Because many patients who need sedation as an adjunct to weaning will have experienced prolonged or difficult weaning, effects of sedatives on respiratory function are an important consideration.
Sedatives that act via γ-aminobutyric acid (GABA)-ergic pathways (e.g., benzodiazepines, opioids and propofol) adversely affect respiratory drive and/or timing. This aspect is very important, as sedation with GABA-ergic and/or morphine-like agents can represent per se a source of patient–ventilator asynchrony, prolonging the need for ventilatory support .
Alpha2-agonists do not adversely affect respiratory drive and/or timing.
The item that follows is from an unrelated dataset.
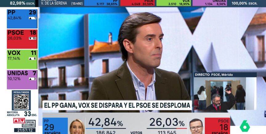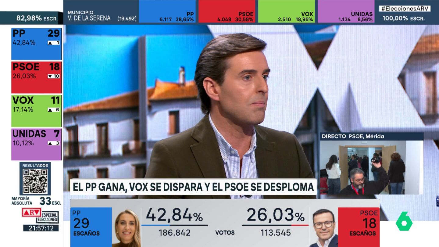 El periodista ha indicado en Al Rojo Vivo que "Vox está muy fuerte y hay preocupación entre los barones territoriales y destacados miembros del PP con esa subida tan fuerte". En las filas del PP temen que Vox pueda complicarles "la negociación que está por venir" para formar Gobierno en Extremadura.

A range of sedative regimens are in use in Europe, reflecting differing circumstances, priorities or perspectives at national or sub-national levels. It is, therefore, infeasible to recommend a single agent or regimen, but for patients undergoing difficult or prolonged weaning there should be a presumption in favour of short-acting sedatives delivered as a continuous infusion. Remifentanil and dexmedetomidine are particularly well suited to that requirement and can be relied on to deliver comfort to patients emerging into spontaneous breathing while also meeting the goal of minimal/awake sedation. Low-dose morphine in the manner advocated by Strøm et al.  may also be considered, though there is a widespread assumption (not yet formally tested) that this approach requires a very low (probably 1:1) staff:patient ratio to enable it to be implemented consistently successfully.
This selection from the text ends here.